For My Grandfather, Who Taught Me Love And Baseball

My grandparents moved to Puerto Rico when I was three years old.  After they moved to San Juan, I would only see them for a few weeks at a time when my parents and I would visit them during my summer vacation from school.  Because those trips would coincide with the middle of baseball season, my grandfather would always want to talk to me about baseball.

When I was eight years old, I discovered that Abuelo (that's Spanish for "grandfather") was a Brooklyn Dodgers fan.  He, my grandmother and their four children (one of which is my father) moved from the Island of Enchantment to New York in 1947, the same year Jackie Robinson broke the color barrier in baseball.  Robinson wasn't the only reason he became a Dodger fan, as 1947 was also the year Gil Hodges and Duke Snider came up to the major leagues to stay.  The Dodgers won the pennant in 1947, making only their second trip to the World Series since 1920.  They would make many more over the next few decades.  Abuelo was hooked for life.

The summer of 1981 was special for both Abuelo and I.  It was the year I became a Mets fan, but it was also the year of Fernandomania.  That summer, when my parents and I went to visit my grandparents in Puerto Rico, the players' strike was nearing its conclusion.  But just because there was no baseball to watch didn't mean there were no baseball stories to share. 

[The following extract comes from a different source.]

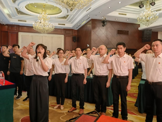 会议在庄严的国歌声中拉开序幕,全体党员举起右拳,重温入党誓词。“我志愿加入中国共产党,拥护党的纲领……”党员们铿锵有力的宣誓声在会场回响。

Any time I wanted to talk about Mookie Wilson, my grandfather would remind me that he wasn't as fast as Maury Wills.  (Wills was the first major league player to steal 100 bases in a season, swiping 104 bags for the Dodgers in 1962, which was 45 more than the entire Mets team stole in their inaugural season.)  I knew better than to argue with him.

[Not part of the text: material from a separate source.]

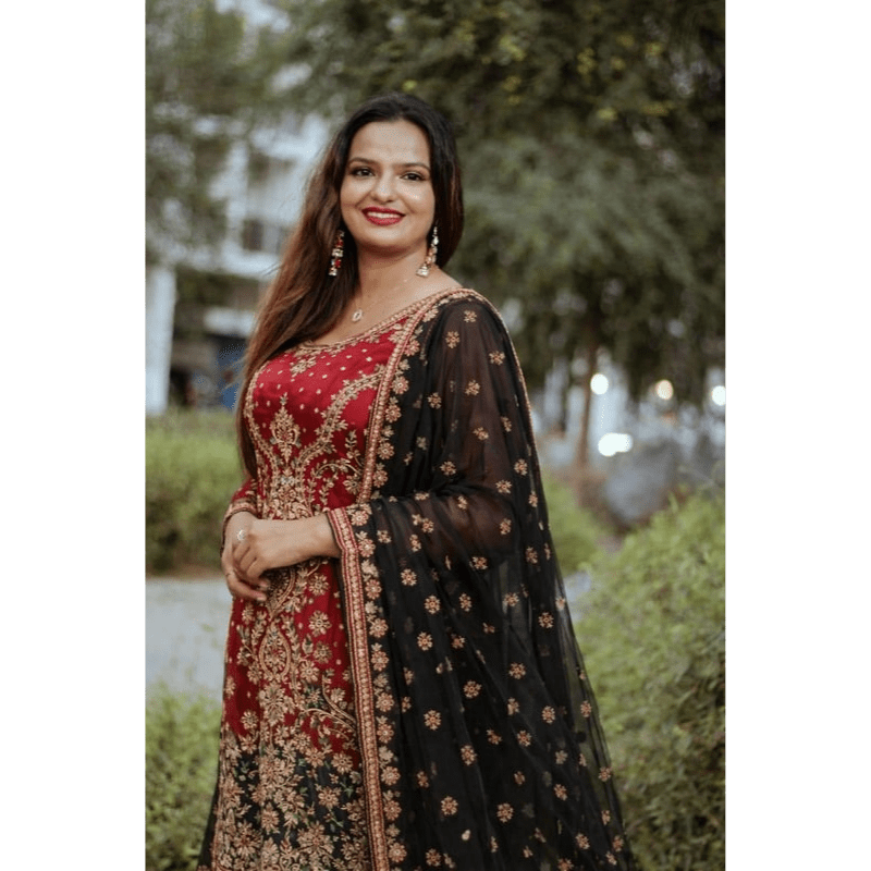 Rich red embroidered salwar suit paired with a sheer black dupatta featuring delicate gold detailing—perfect for festive and special occasions.

After a few minutes, the conversation would always turn to Fernando Valenzuela, who had taken the country by storm during his rookie season.  Abuelo would normally be in bed by 10 PM every night, but if Valenzuela was pitching and the game just happened to be broadcast on the local television channel, he'd always stay up to watch the game on the 13-inch black and white TV.  He'd keep the volume low so as not to wake my grandmother, telling me that he didn't need to hear the game because Fernando's pitching would tell the story.  In the summer of 1981, he was absolutely right.

I'll always remember talking to him on the phone after the Mets won the World Series in 1986.  He was thrilled that I was finally able to celebrate a championship, but he was also quick to remind me that despite the Mets boasting a pitching staff that included Dwight Gooden, Ron Darling, Bob Ojeda and Sid Fernandez, it was Fernando Valenzuela who led the National League in wins.  (Valenzuela won 21 games for the Dodgers in 1986, his only 20-win campaign in 17 years in the big leagues.)

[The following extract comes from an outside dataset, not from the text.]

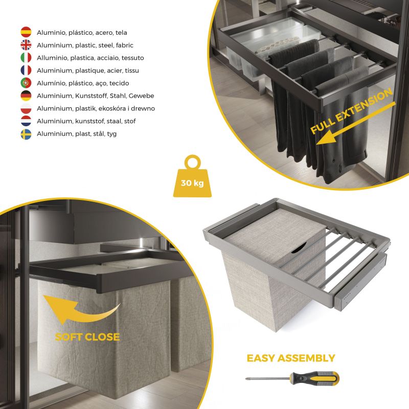Le cadre coulissant est conçu en aluminium robuste et s’équipe de coulisses à sortie totale avec fermeture amortie, pour une ouverture fluide et sans bruit. Sa capacité de charge de 30 kg vous permet de l’utiliser sans contrainte, même pour des vêtements lourds ou des accessoires volumineux. Grâce à ses entretoises fournies, il s’adapte parfaitement à différents intérieurs d’armoire tout en garantissant une finition soignée.

Oh, Abuelo.  He really loved his Dodgers.

Two years after the Mets won the World Series, they played for the right to appear in another.  But this time it was different.  This time, the Mets were playing the Dodgers for the pennant.  A member of the Leyro family was going to see his favorite team play in the World Series in 1988.  But for that to happen, another member of the Leyro family was going to be disappointed that his team failed to reach the Fall Classic.  It was about as awkward as it was ever going to get between me and Abuelo when it came to our shared love of the national pastime.  In the end, it became one of the most important times in our relationship.

The Dodgers defeated the Mets in the 1988 NLCS, upsetting them in seven games.  The Mets weren't the only ones upset by that result.  The day after Game 7, the phone rang in our house.  My mother picked it up, spoke for a few seconds, then called me over to the phone.  It was for me, she said.  It was Abuelo.

I thought it was strange that Abuelo would call me.  After all, any time I'd speak to him on the phone, it would be my grandmother who called us and then she'd pass the phone over to Abuelo.  (The men in the Leyro family have never been known as "phone people".)  But this time, my grandfather let his fingers do the walking and he called me directly.  Although almost a quarter century has passed, I'll never forget that conversation.

Not once did he mention the Dodgers in the conversation.  Nor did he mention the Mets.  Instead, he reminded me that there would be times in life when we'd question why things happened the way they did.  He told me that he once went on a date with a girl when he was 18.  She was his definition of "the perfect girl".  She was smart, beautiful and came from a great family.  He was sure after one date that he was going to marry her.  Two dates later, she decided she didn't want to see him anymore.  He was crushed.

After two years of wondering where he went wrong, he made the acquaintance of another girl.  He wasn't attracted to her at first, but she listened to his story of lost love and gave him words of encouragement.  They continued to talk as friends for nearly a year until he realized something.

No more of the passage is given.